Test the model's accuracy on the unseen test set.

In [7]:
model.eval()  # Set the model to evaluation mode
correct = 0
total = 0

# Disable gradient calculation
with torch.no_grad():
    for images, labels in test_loader:
        images, labels = images.to(device), labels.to(device)

        # 1. Forward pass – get raw outputs (logits)
        outputs = model(images)

        # 2. Get predicted class
        _, predicted = torch.max(outputs, 1)

        total += labels.size(0)
        correct += (predicted == labels).sum().item()

print(f"Test Accuracy: {100 * correct / total:.2f}%")


Test Accuracy: 98.40%


### Step 7: Test on a Single Image

Let's see how the model performs on one image.

In [8]:
def predict_image(model, img_path):
    model.eval()

    img = Image.open(img_path).convert("RGB")
    # Apply the same transforms as training, and add a batch dimension (unsqueeze)
    img = transform(img).unsqueeze(0).to(device)

    with torch.no_grad():
        # 1. Forward pass (logits)
        output = model(img)

        # 2. Predicted class (index of max logit)
        _, pred = torch.max(output, 1)

    return class_names[pred.item()]

# Test the function (path must exist)
test_img_path = "/content/dataset/paper/0Uomd0HvOB33m47I.png"
prediction = predict_image(model, test_img_path)
print(f"Model prediction for {test_img_path}: {prediction}")

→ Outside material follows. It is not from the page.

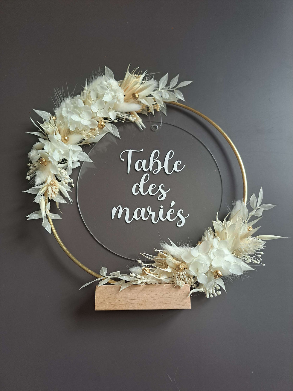 Couronne personnalisable avec support en bois et plexi "Table des mariés"

Model prediction for /content/dataset/paper/0Uomd0HvOB33m47I.png: paper


### Step 8: Play the Game!

This code is complete. If your model is trained, you can run this cell to have the model play against itself.

In [9]:
import random
import os

def pick_random_image(class_name):
    folder = f"/content/dataset/{class_name}"
    files = os.listdir(folder)
    img = random.choice(files)
    return os.path.join(folder, img)

def rps_winner(move1, move2):
    if move1 == move2:
        return "Draw"

    rules = {
        "rock": "scissors",
        "paper": "rock",
        "scissors": "paper"
    }

    if rules[move1] == move2:
        return f"Player 1 wins! {move1} beats {move2}"
    else:
        return f"Player 2 wins! {move2} beats {move1}"


# -----------------------------------------------------------
# 1. Choose any two random classes
# -----------------------------------------------------------

choices = ["rock", "paper", "scissors"]
c1 = random.choice(choices)
c2 = random.choice(choices)

img1_path = pick_random_image(c1)
img2_path = pick_random_image(c2)

print("Randomly selected images:")
print("Image 1:", img1_path)
print("Image 2:", img2_path)


# -----------------------------------------------------------
# 2. Predict their labels using the model
# -----------------------------------------------------------

p1 = predict_image(model, img1_path)
p2 = predict_image(model, img2_path)

print("\nPlayer 1 shows:", p1)
print("Player 2 shows:", p2)

# -----------------------------------------------------------
# 3. Decide the winner
# -----------------------------------------------------------

print("\nRESULT:", rps_winner(p1, p2))

Randomly selected images:
Image 1: /content/dataset/paper/yaRRMcZS7JJ3xLK1.png
Image 2: /content/dataset/rock/I8DyB4yRN0Q8voWp.png

Player 1 shows: paper
Player 2 shows: rock

RESULT: Player 1 wins! paper beats rock